◆ **To do**: From the line containing "531032 HDX - Premium" through the last line of the entries below, print each line exactly. Pictures stay out.

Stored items
※
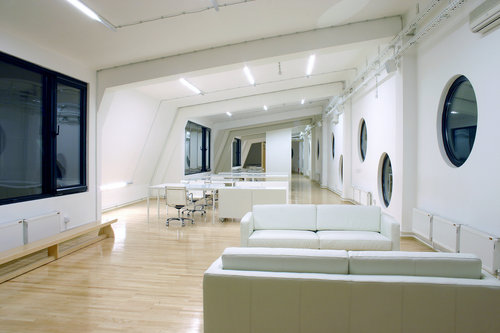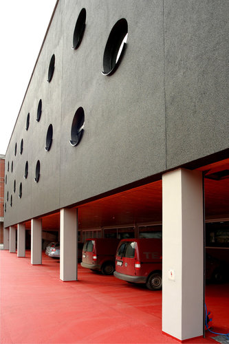 The building is located in Užice’s industrial zone between the motorway, the railway, warehouses, a football field and a cemetery. To make matters worse, the industrial zone is in the process of being transformed into a commercial centre. The only constants seem to be change and heterogeneity. How to respond to such a setting? The architects delivered what they themselves describe as „anti-design“ in reaction to the surroundings and context. Ignoring all those external factors they are powerless to change, they concentrated on the interior. The result is a building with an interesting perforated facade that reveals nothing of its interior life. What has been achieved is a very efficient spatial organization and in contrast to this programmatic severity, a rather playful facade which defies its surroundings. Contrast is a recurring theme in this project.
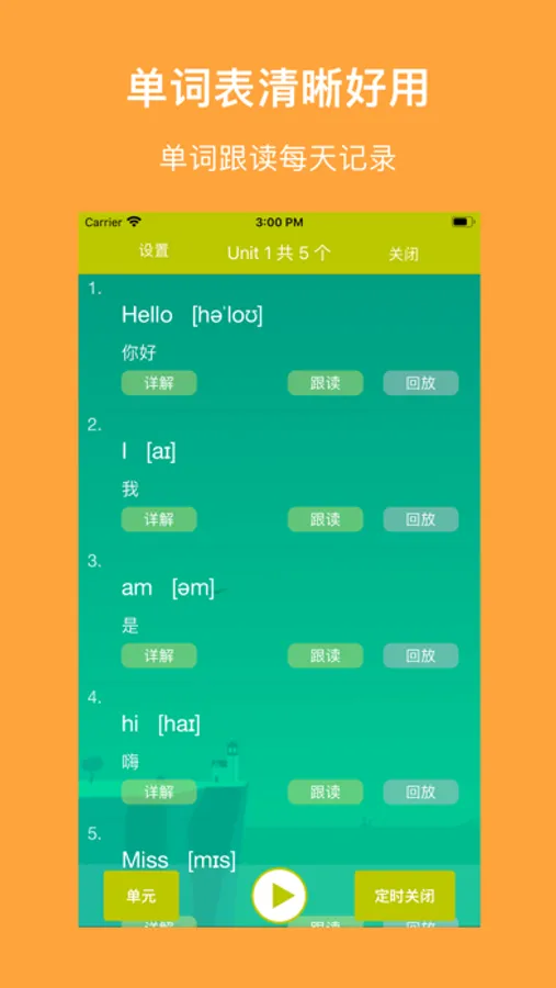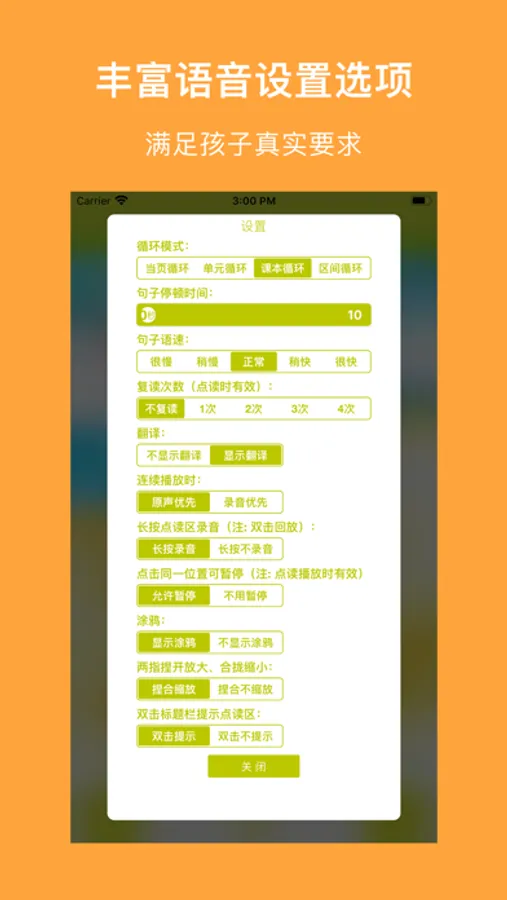 1、跟读模式:循环当页、循环单元、循环课本、区间循环
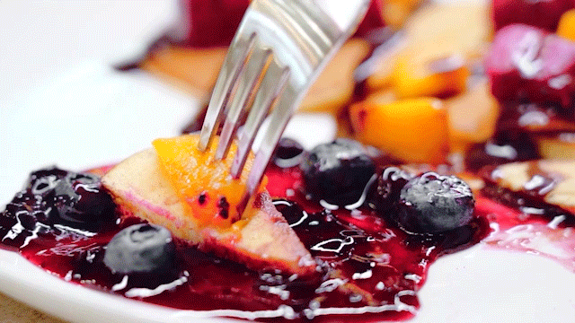 松松软软的松饼摆成好看的造型,淋上香甜的巧克力酱和五光十色的新鲜水果,吃起来简直不要太幸福!
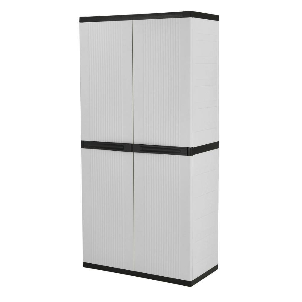 531032 HDX - Premium Grey Resin Freestanding Cabinet Combo: 35 in.x71.7 in.x18.5 in. 4-Shelf & 26.9 in.x33.8 in.x15.8 in. 2-Shelf
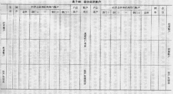 相对于单式平衡表而言,依据复式簿记规则建立起来的国民经济账户体系的优越性是显而易见的。然而,诚如SNA的主要设计者之一理查德·斯通所指出过的:“国民账户的普通形式……有两点不足:一是每个项目都必须记下两次,二是只要不是在既小且简单的系统中,就难以立即找到其内部联系。”为此,还需要一种更为简捷、严谨的国民账户表现形式。综合经济账户就是一种较好的核算和描述形式。
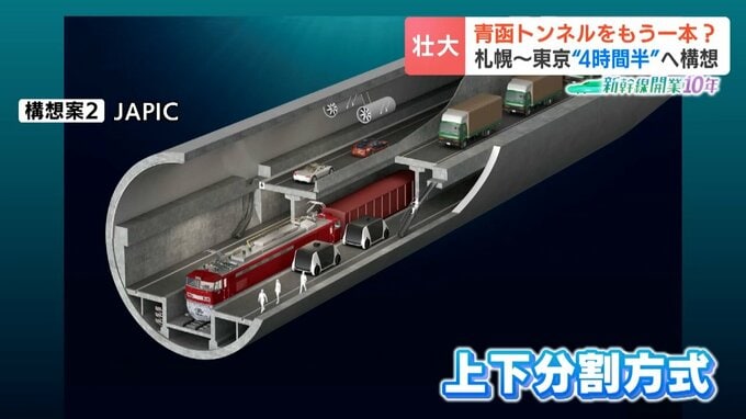 2つ目は、第二青函トンネルの中を上下に分割し、上を自動車、下を貨物列車が走るというものです。
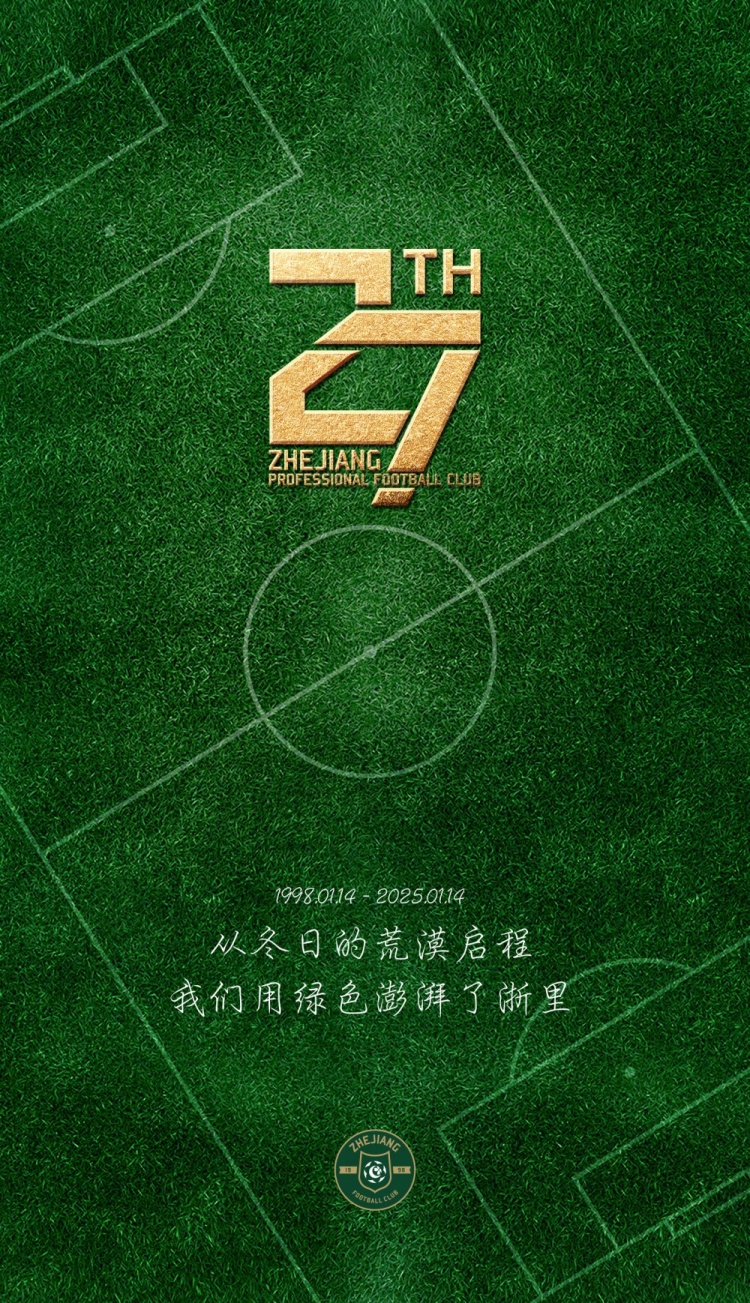浙江隊(duì)在社媒寫道:“1998.01.14-2025.01.14,從冬日的荒漠啟程,我們用綠色澎湃了浙里。浙江FC,27周歲生日快樂(lè)!”
※
◆ **Finished exercise**:
 531032 HDX - Premium Grey Resin Freestanding Cabinet Combo: 35 in.x71.7 in.x18.5 in. 4-Shelf & 26.9 in.x33.8 in.x15.8 in. 2-Shelf
 相对于单式平衡表而言,依据复式簿记规则建立起来的国民经济账户体系的优越性是显而易见的。然而,诚如SNA的主要设计者之一理查德·斯通所指出过的:“国民账户的普通形式……有两点不足:一是每个项目都必须记下两次,二是只要不是在既小且简单的系统中,就难以立即找到其内部联系。”为此,还需要一种更为简捷、严谨的国民账户表现形式。综合经济账户就是一种较好的核算和描述形式。
 2つ目は、第二青函トンネルの中を上下に分割し、上を自動車、下を貨物列車が走るというものです。
浙江隊(duì)在社媒寫道:“1998.01.14-2025.01.14,從冬日的荒漠啟程,我們用綠色澎湃了浙里。浙江FC,27周歲生日快樂(lè)!”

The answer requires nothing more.